It's key IMO.
His phone was, as I recall, in airplane mode.
Roughly a half hour, roughly 14 miles. It was important, whatever it was.
Local dumpsters? Suzanne's phone pinged and disappeared during that time.
Busy B was very busy.
JMO
Good morning, all. Hope it shall be, in any event...
I'm not wireless savy, so it's indulgence time again
...
{+ every bit below to be imvho.}
If Barry kept Suzanne's phone on his person for whatever period, could it not be so that he'd "see" which callers might be trying to reach her? Could he learn this even if he'd been 'locked-out'?
Recall some here have hypo-ed that Suzanne may have locked him out of her phone right after "I'm done!".
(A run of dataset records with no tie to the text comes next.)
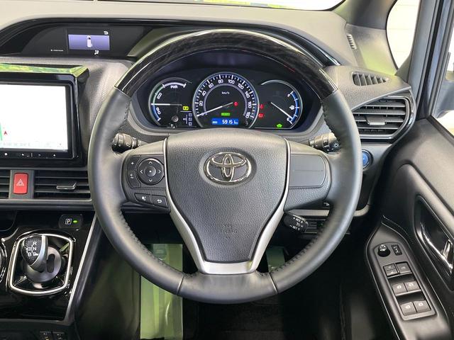 トヨタ エスクァイアハイブリッドGi 9インチナビ バックカメラ 禁煙車 両側電動ドア クルーズコントロール シートヒーター オートライト オートエアコン リアオートエアコン ETC ドラレコ 置くだけ充電 Bluetooth再生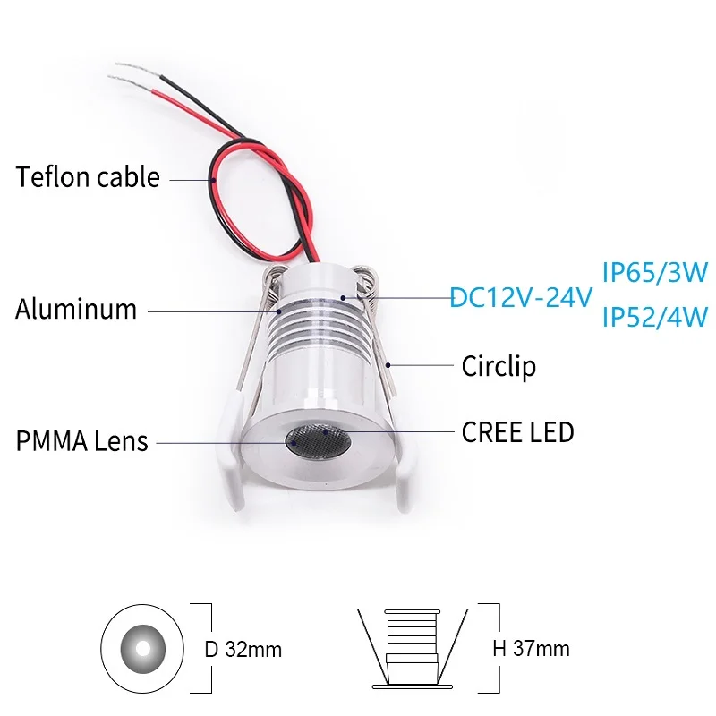 Бренд: etrnLEDНазвание: 3 Вт/4 Вт DC12V мини пятна садовые огниМодель: MINI23C-4W/MINI60C-3W водонепроницаемый прожекторЧипы: 3 Вт/4 Вт CREE светодиодныйДиммируемая: Поддержка PWM затемненияВход напряжение: 12V-24VСветильник Материал корпуса: алюминийЦветовая температура: WW(2700-3000K), W(4000-4500K), CW(5500-6500K)Длина кабеля: 170 мм тефлоновый кабельКласс защиты: IP52/IP65Световой поток: 320-400лмCRI: >80RaРазмеры: D32 × H37 мм, d25 мм отверстия для резкиСтепень рассеивания света: 30 °Установка: встраиваемый точечный светодиодСрок службы: 50000 чГарантия: 5 летСертификация: CE RoHSПрименение: потолок, спальня, кухня, гостиная, витрина, шкаф, книжный шкаф, винный шкаф, лестница, вход, коридор, автомобили, бар, KTV, ресторан, Звездные огни, или что вы можете себе представить!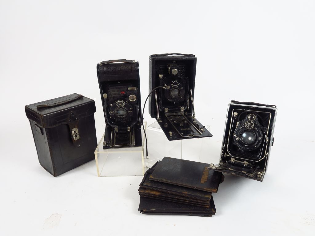 Trois appareils folding : - Deux Folding format 9x12. Neuf châssis.Objectif Supra 6,8/135. Objectif Primula 4,5/13,5 cm, en l'état. Etui. - Contessa Nettel. Folding 6x9. Objectif Tessar 6,3/13,5 cm.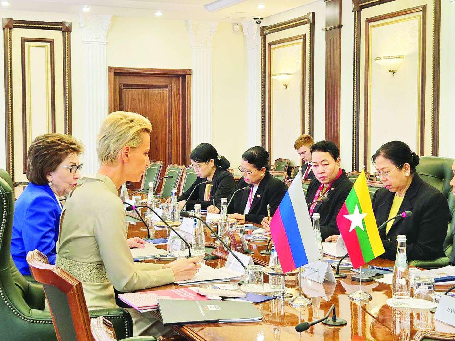 ထို့နောက် တွေ့ဆုံဆွေးနွေးရာတွင် နိုင်ငံတော်စီမံအုပ်ချုပ်ရေးကောင်စီဥက္ကဋ္ဌ နိုင်ငံတော်ဝန်ကြီးချုပ်၏ ဇနီးနှင့် BRICS အမျိုးသမီးစီးပွားရေးမဟာမိတ်အဖွဲ့ ရုရှားဖက်ဒရေးရှင်းနိုင်ငံဆိုင်ရာဥက္ကဋ္ဌတို့သည် မကြာမီပြုလုပ်မည့် BRICS Forum တွင် အစိုးရနှင့် စီးပွားရေးနယ်ပယ်ပေါင်းစုံမှ အမျိုးသမီးများပါဝင်သည့် အခြေအနေများ၊ BRICS အမျိုးသမီးစီးပွားရေးမဟာမိတ်အဖွဲ့ရုံးခွဲများကို ကမ္ဘာ့နိုင်ငံများတွင်ဖွင့်လှစ်ထားလျက်ရှိပြီး မြန်မာနိုင်ငံဘက်မှ စိတ်ဝင်စားပါက လာရောက်ဖွင့်လှစ်လိုသည့် အခြေအနေများ၊ လက်ရှိကမ္ဘာ့ရေးရာများတွင် အမျိုးသမီးများ၏အခန်းကဏ္ဍကို အသိအမှတ်ပြုအားပေးဆောင်ရွက်ရမည့်အချိန်သို့ ရောက်ရှိနေပြီဖြစ်သည့်အခြေအနေများ၊ အမျိုးသမီးများ၏ နေ့စဉ်လူမှုဘဝဆောင်ရွက်မှုများ သာမကကမ္ဘာ့ရေးရာကိစ္စရပ်များတွင် ရဲစွမ်းသတ္တိ၊ ယုံကြည်မှု၊ လုံ့လဝီရိယရှိမှု၊ ဦးဆောင်နိုင်မှု၊ ဖန်တီးနိုင်မှု စွမ်းအားတို့ဖြင့် လုပ်ကိုင်ဆောင်ရွက်နေမှုများအား အသိအမှတ်ပြုအားပေးရန် လိုအပ်သည့်အခြေအနေများ၊ မြန်မာနိုင်ငံအနေဖြင့် အမျိုးသမီးစွန့်ဦးတီထွင်မှုအခန်းကဏ္ဍ မြှင့်တင်ပေးနိုင်ရေးဆောင်ရွက်လျက်ရှိသည့် အခြေအနေများ၊ ရုရှား-မြန်မာနှစ်နိုင်ငံအကြား ပညာရေးနှင့်အမျိုးသမီးရေးရာတို့တွင် ပိုမိုပူးပေါင်းဆောင်ရွက်သွားနိုင်မည့် အခြေအနေများနှင့်ပတ်သက်၍ ရင်းနှီးပွင့်လင်းစွာ အမြင်ချင်းဖလှယ်ဆွေးနွေးကြသည်။
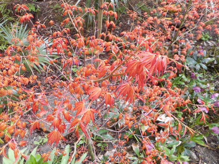 Vandaag beleven we hopelijk de laatste winterstuip, met 6°C en een NNW windkracht 6 is het nog niet bepaald aangenaam. In de zon en beschut voor de wind valt er al genoeg te genieten. Een Acer met oranje blad vormt de jaarlijkse primeur. Rhaphiolepis umbellata mocht voor de foto alvast even uit de kas. Bij de bolletjesvaren verschijnen nieuwe krullen. Onoclea sensibilis dankt zijn Nederlandse benaming aan de sporendragers. Het kangaroepootje is de nieuwste aanwinst. Ik ben benieuwd hoe de hernieuwde kennismaking met deze Anigozanthos 'Beauty Star' zal verlopen. Bij een vorige gelegenheid was het genoegen van te korte duur. Enkele palmen genieten hier een VIP behandeling zoals de Trachycarpus princeps 'New From' en een mini Cerifera in een sierpot die is meegekomen uit Japan.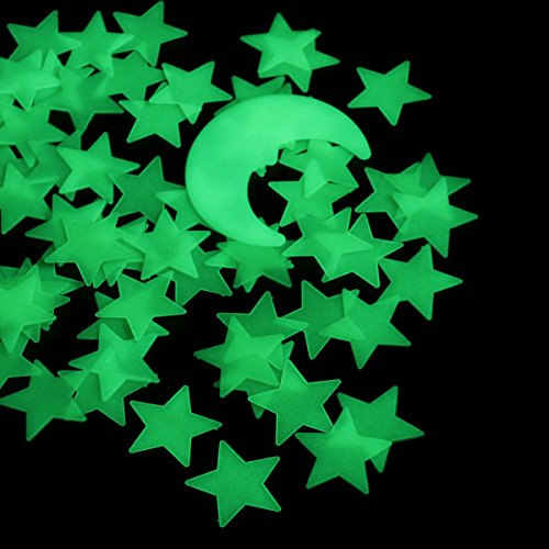 VORCOOL Luna Stelle Fluorescenti Luminose Soffitto Stickers Murali da Parete Giallo Chiaro 101 Pezzi (blu)

And discovering this multiplied his rage,
and he killed her.
There and then.
But her death
- as had observed Lady Macbeth's husband - had come too early.
* As a result, unplanned/
unanticipated matters began to cascade; now he would have been forced to reassess long-considered intricate details on-the-fly. As well, before implementing a change, he'd have to square it with his existing script. Lest he - so to speak - be hoist with his own petard'.
* ...which he was anyway due to his 'mare's nest' of fables. I'm thinking such a post-adrenalin surge, eleventh-hour re-map would be most ambitious, even for
an cunning person.
Thus, on-the-fly he takes her phone ...and its charger as he's unsure how long he'll need to keep it usable. And being clever and knowledgeable wrt the most minute details, habits and thought-processes of his 'ex'-wife, he'll probably be able to trial
& error his way past her feeble impasse in rather short order. In which case, could this not prove 'helpful' - he thinks - to show Suzanne is still alive and active?
This is wrong, enraged-one, because Suzanne was now going to be AWOL from that major matrimonial thingee in which she had been immersed for weeks
& months.
"Poo! Then, out the window you go! Charger,next...a few miles on, anyway."
___________________________
* Macbeth's Soliloquy: "She should have died hereafter... (5.5.17-28).